§ **The problem**: Ignore the pictures in the data below and set down exactly the lines from its first line through the line containing "Produktbeschreibung: Adventskalenderturm, rundum".

§ **Task data**:
##########

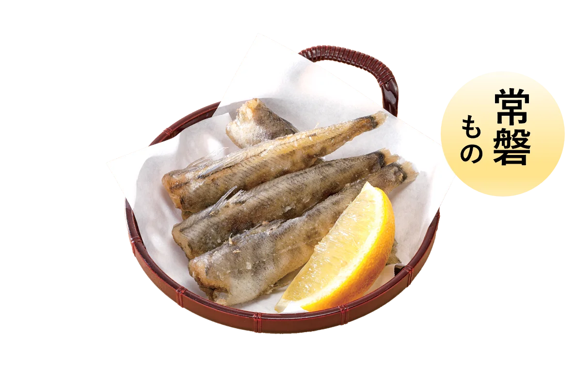 - めひかりの唐揚げ:450円(税込495円)。脂がのった白身のふんわりとした食感。皮が柔らかく丸ごと食べられる一品。
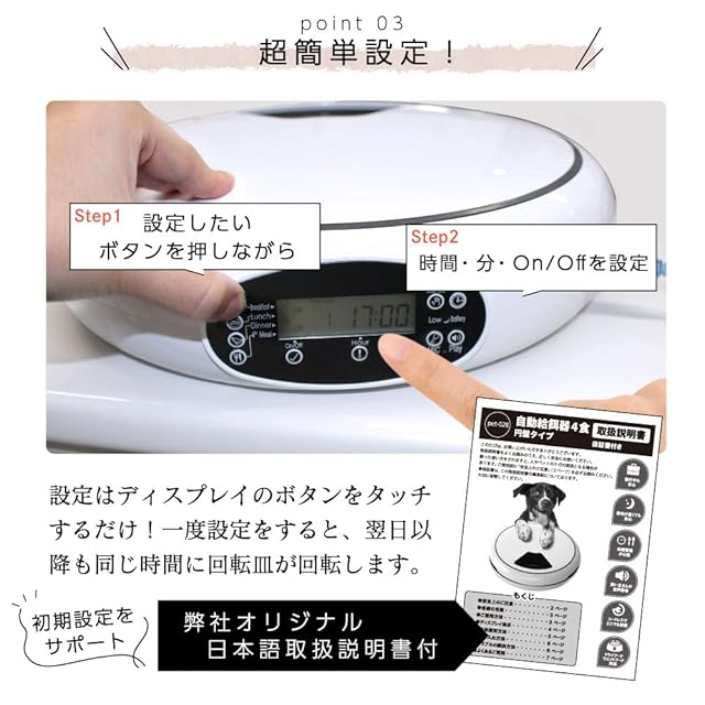 ※本体のリセットに関してですが現在の仕様ではリセット機能はございません。 取扱説明書記載事項と変更されておりますので予めご了承ください。 ※給餌器内時間は電波時計ではないため若干ずれることが考えられます。 ※ご使用の前に付属の取り扱い説明書を熟読し、 商品の知識、注意事項について習熟してから正しくご使用ください。
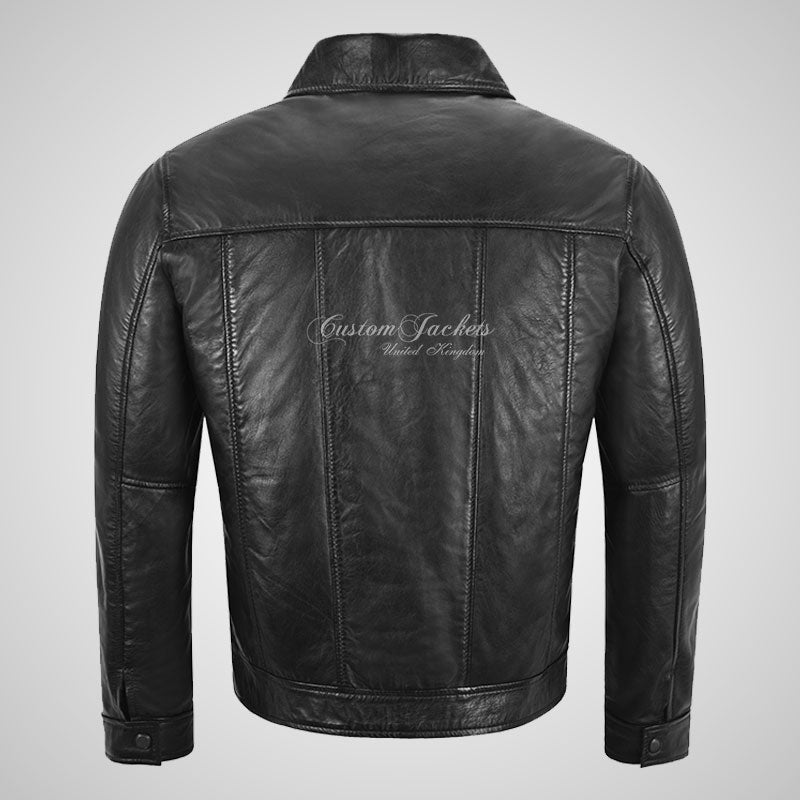 Introducing our Men's Leather Jacket with Shirt Collar, a smart and stylish addition to your wardrobe. This leather jacket features a fitted short body design, accentuating your physique and providing a modern look. Crafted from soft lamb napa leather, it offers a luxurious feel and exceptional comfort. The front zippered closure adds a touch of functionality and convenience, allowing for easy wear and a secure fit. Whether you're dressing up for a night out or looking to elevate your everyday style, this leather jacket is a versatile choice. Embrace the timeless appeal of a shirt collared jacket with a contemporary twist. Experience superior quality and fashion-forward design with our Men's Leather Jacket.
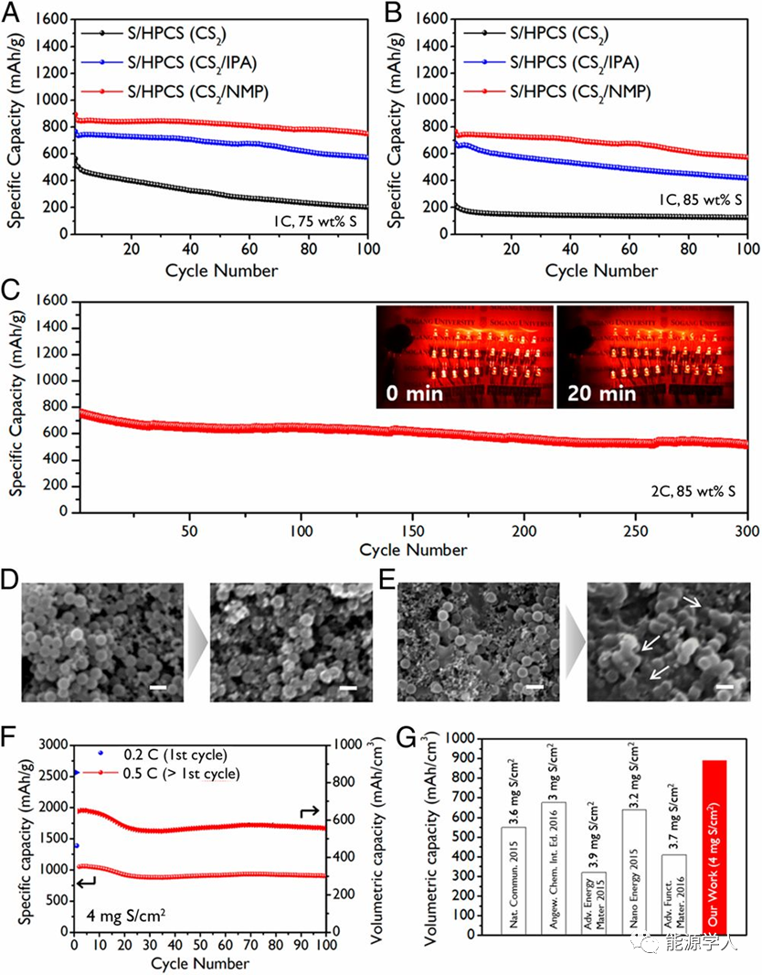 圖5(A和B)S/HPCS(CS2)、S/HPCS(CS2/IPA)和S/HPCS(CS2/NMP)電池的循環(huán)性能。(C)硫含量為85%的S/HPCS(CS2/NMP)電池在2 C下的循環(huán)性能。(D)S/H-PCS(CS2/NMP)電極和(E)S/H-PCS(CS2)電極50次循環(huán)前后的SEM圖像。(F)S/HPCS(CS2/NMP)電極在0.5 C下的比容量和容量。(G)實驗結果與使用類似硫負載的最新結果的比較。
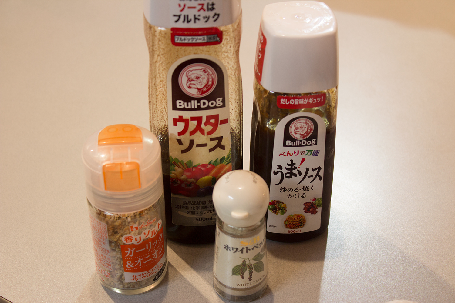 う〜ん、やっぱり美味しかった。うまソースのスパイスが効いて、ソース少なめでもしっかりお味がついています。コショウは普通のコショウでいいです。切れていたので白胡椒を使いました。
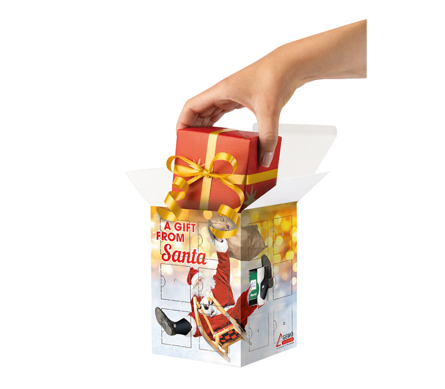 Produktbeschreibung: Adventskalenderturm, rundum individuell bedruckbar mit 5 Werbeflächen, Freier Innenraum: ca. 15,0 x 8,5 x 8,5 cm
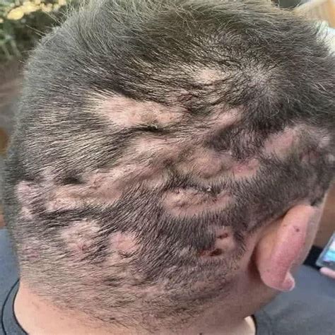- Zonas inflamadas o irritadas, sobre todo donde el cabello es más grueso o en áreas cercanas a la frente y detrás de las orejas.
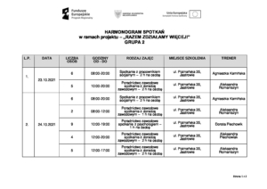 Jesteś tutaj: Home1 / O projekcie2 / Harmonogramy3 / HARMONOGRAM SPOTKAŃ Z PRACOWNIKIEM SOCJALNYM, DORADCĄ ZAWODOWYM I PSYCHOLOGIEM &...
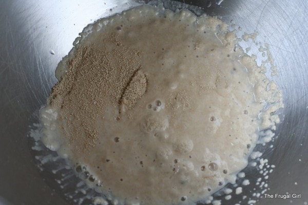 First, dissolve 2 packages of yeast (4 1/2 teaspoons) in 1/3 cup of warm water.
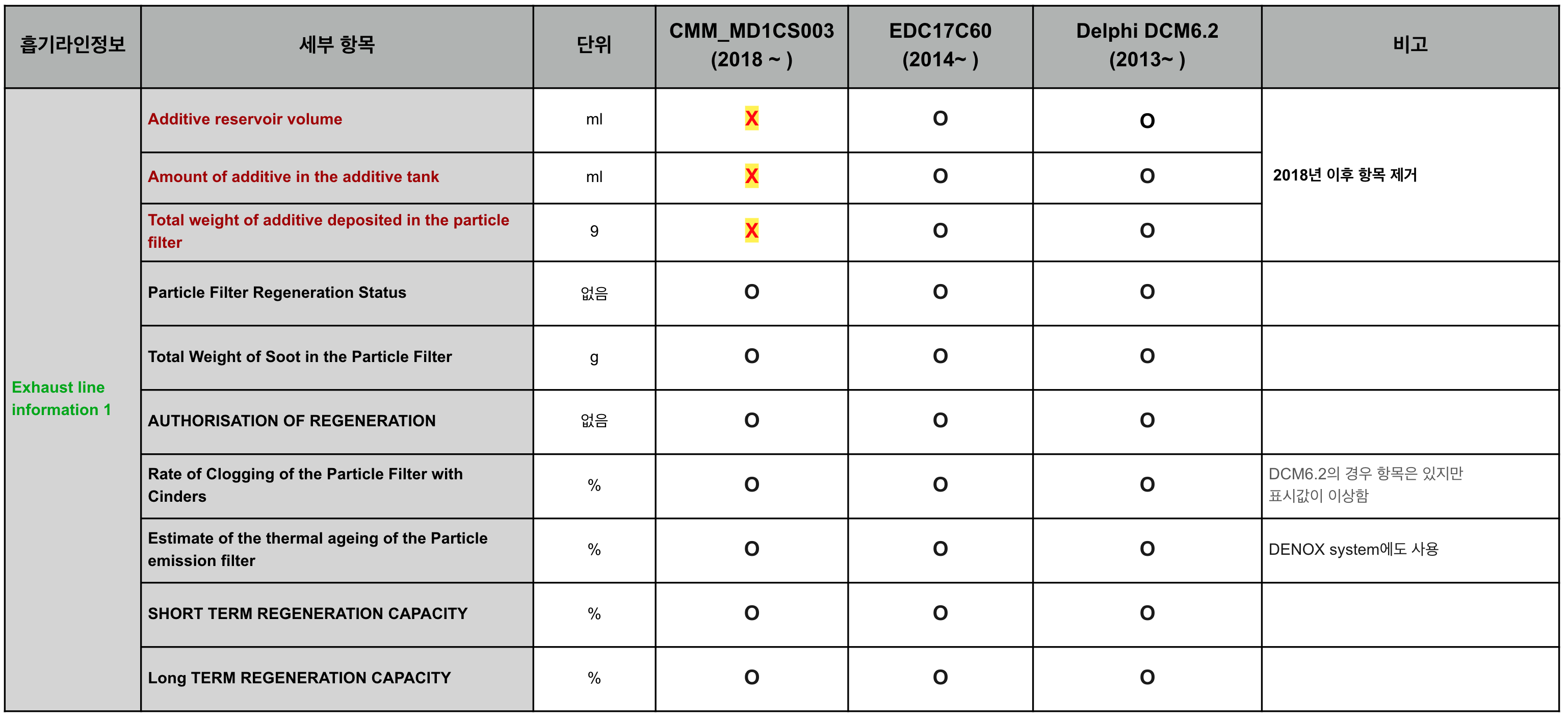 세부 내용중 특이한 부분은 "배기라인정보1"에서 1.5엔진 ECU인 CMM_MD1SC003부터는 DPF용액 탱크 크기와 잔량, 그리고 "파티클필터(분진필터)에 쌓인 첨가제의 총 무게" 3가지 항목은 삭제 되었습니다. (아래 x 표시 참조)
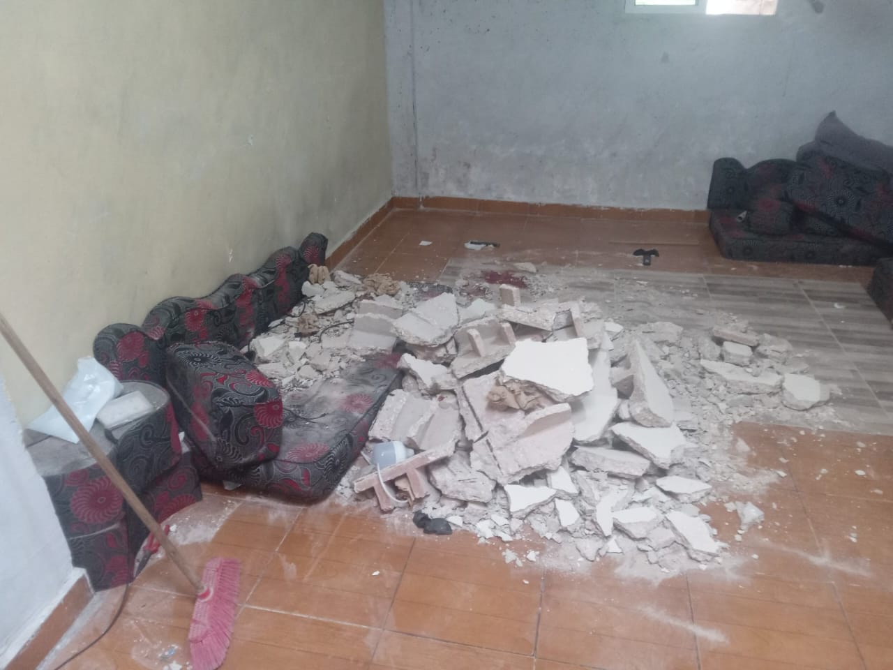 الدبوبي يتفقد منزل بمخيم البقعة تعرض لانهيار بالسقف
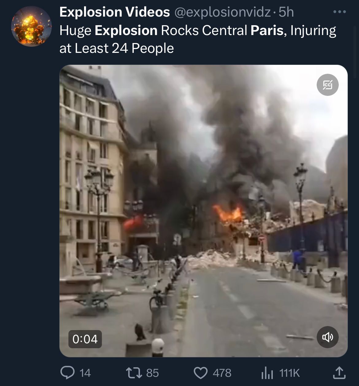 Paris, France Explosion:
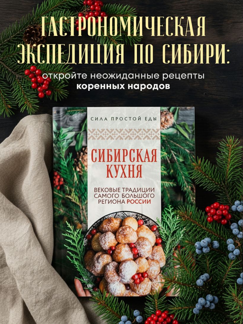 Надоела кулинарная рутина? Книга «Сибирская кухня» подарит вам удивительное путешествие по самому большому региону России, в кухне которого сплетены кулинарные традиции более 40 разных живущих в Сибири народов. Здесь вы найдете рецепты питательных завтраков с кашей по-якутски и оладьями из долганской кухни, соберете коллекцию обеденных рецептов с рыбными и мясными супами из кетской и селькупской кухни, подадите на горячее плов по-бурятски, рыбные биточки или жареные пельмени так, как готовят их в тувинской кухне, а уж разнообразие традиционной сибирской выпечки заставит многих искать предлог напроситься к вам в гости. Готовьте с удовольствием, ешьте сами и делите со своими близкими гастрономическое удовольствие от кухни сибирских народов.
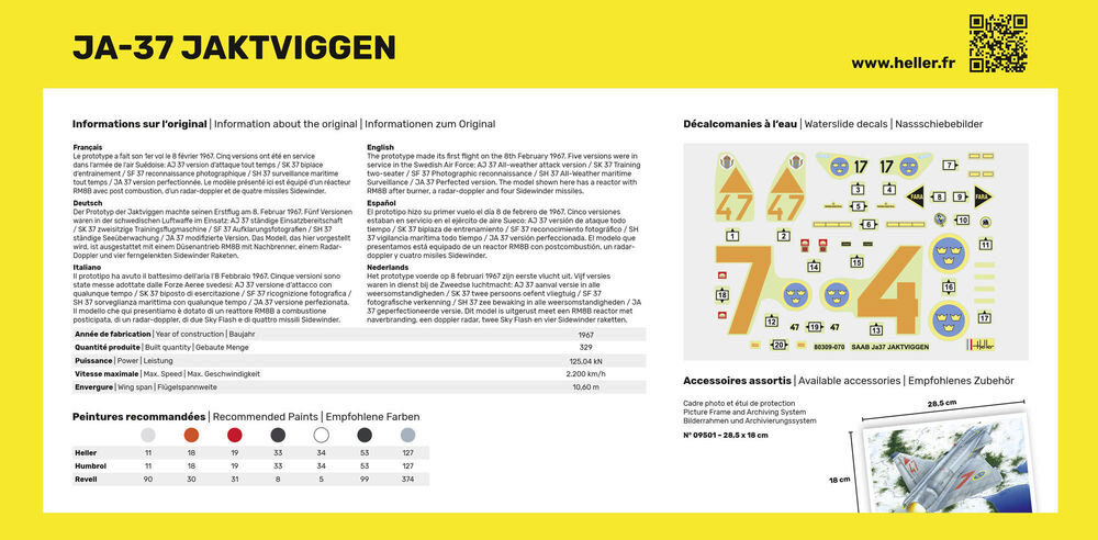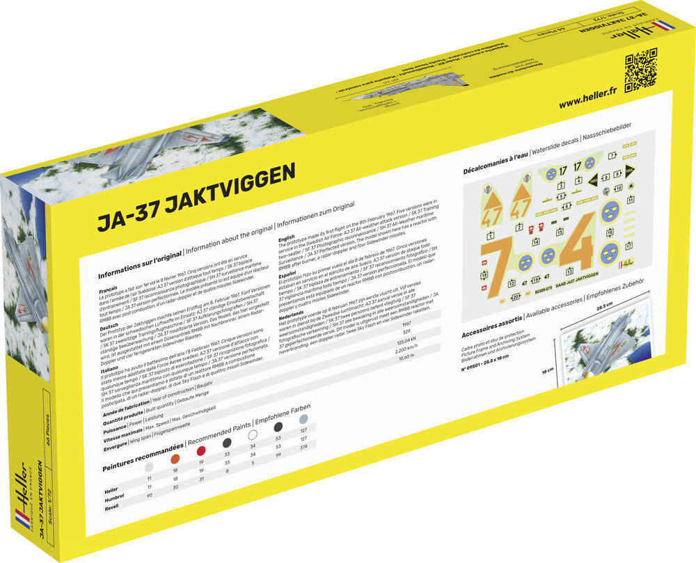 Der Prototyp der Jaktviggen machte seinen Erstflug am 8. Februar 1967. Fünf Versionen waren in der schwedischen Luftwaffe im Einsatz: AJ 37 ständige Einsatzbereitschaft / SK 37 zweisitzige Trainingsflugmaschine / SF 37 Aufklarungsfotografien / SH 37 ständ
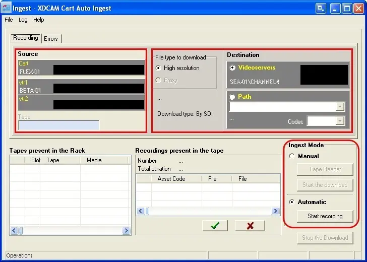4.By pressing the [Start recording] button, the application will automatically search for media on the configured Tape(s) and will download them on either the selected Video Server or Path, by using the configured XDCAM Cart.
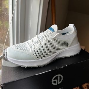 It is a Straight Down woman's golf shoe, in white, brand new, featuring a Knit upper using 50% recycled polyester threads, and it is breathable,
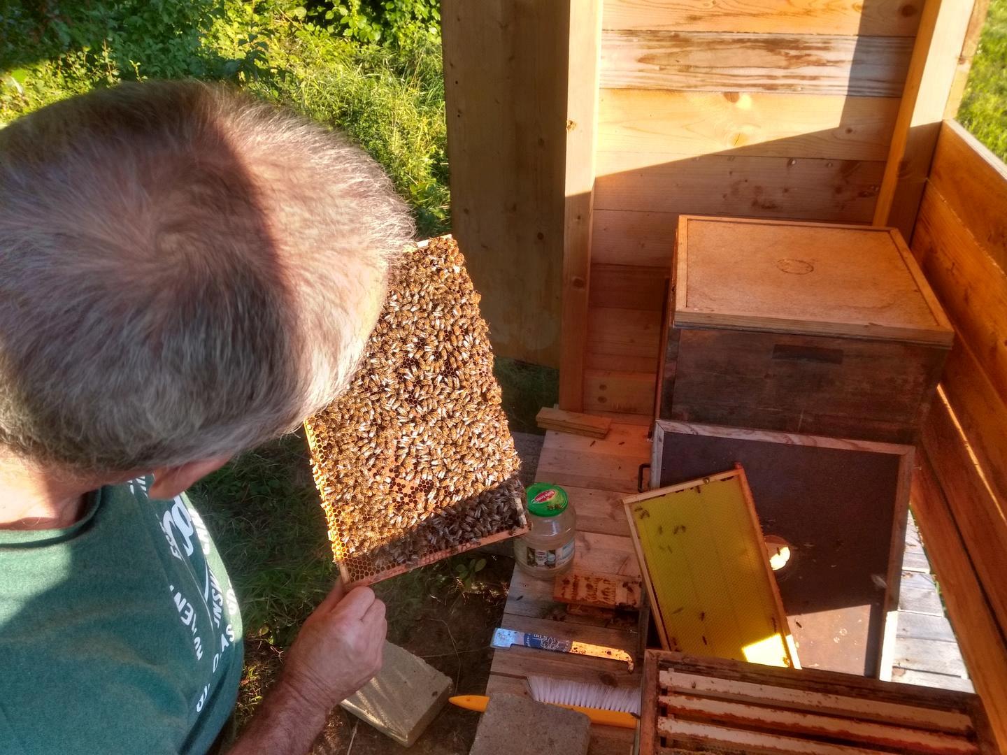 Auch unsere Bienen auf dem Kieselberg am Pfadihaus waren davon betroffen. Die Wirtschaftsvölker hatten mit dem Überleben zu kämpfen, die Ablegerbildung neuer Völker misslang. Zum Glück half uns Ernst Roll mit zwei nachgezüchteten Königinnen aus, so dass wir jetzt fünf Völker am Bienenstand haben. Die Varroa-Behandlung ist im September bitter nötig, um das Überleben der Völker zu gewährleisten. Danach wird mit dem Auffüttern für die Winterzeit begonnen.
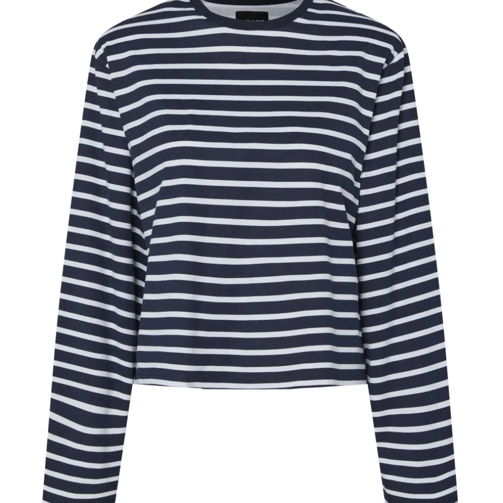 Sød stribet bluse med skulderpuder fra Pieces. Ideel til hverdagsbrug og er super let at style med et par jeans eller habitbukser.
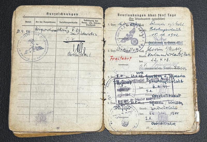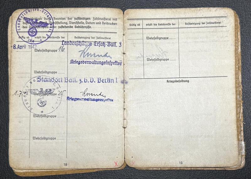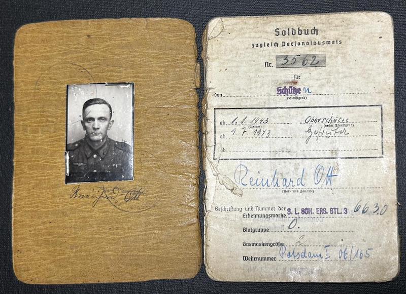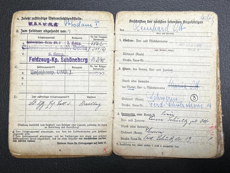 WWII German Army Soldbuch Gefr Ott – Schöneberg Berlin 1945 – OKW – Rare

##########

§ **Answer section**:
 - めひかりの唐揚げ:450円(税込495円)。脂がのった白身のふんわりとした食感。皮が柔らかく丸ごと食べられる一品。
 ※本体のリセットに関してですが現在の仕様ではリセット機能はございません。 取扱説明書記載事項と変更されておりますので予めご了承ください。 ※給餌器内時間は電波時計ではないため若干ずれることが考えられます。 ※ご使用の前に付属の取り扱い説明書を熟読し、 商品の知識、注意事項について習熟してから正しくご使用ください。
 Introducing our Men's Leather Jacket with Shirt Collar, a smart and stylish addition to your wardrobe. This leather jacket features a fitted short body design, accentuating your physique and providing a modern look. Crafted from soft lamb napa leather, it offers a luxurious feel and exceptional comfort. The front zippered closure adds a touch of functionality and convenience, allowing for easy wear and a secure fit. Whether you're dressing up for a night out or looking to elevate your everyday style, this leather jacket is a versatile choice. Embrace the timeless appeal of a shirt collared jacket with a contemporary twist. Experience superior quality and fashion-forward design with our Men's Leather Jacket.
 圖5(A和B)S/HPCS(CS2)、S/HPCS(CS2/IPA)和S/HPCS(CS2/NMP)電池的循環(huán)性能。(C)硫含量為85%的S/HPCS(CS2/NMP)電池在2 C下的循環(huán)性能。(D)S/H-PCS(CS2/NMP)電極和(E)S/H-PCS(CS2)電極50次循環(huán)前后的SEM圖像。(F)S/HPCS(CS2/NMP)電極在0.5 C下的比容量和容量。(G)實驗結果與使用類似硫負載的最新結果的比較。
 う〜ん、やっぱり美味しかった。うまソースのスパイスが効いて、ソース少なめでもしっかりお味がついています。コショウは普通のコショウでいいです。切れていたので白胡椒を使いました。
 Produktbeschreibung: Adventskalenderturm, rundum individuell bedruckbar mit 5 Werbeflächen, Freier Innenraum: ca. 15,0 x 8,5 x 8,5 cm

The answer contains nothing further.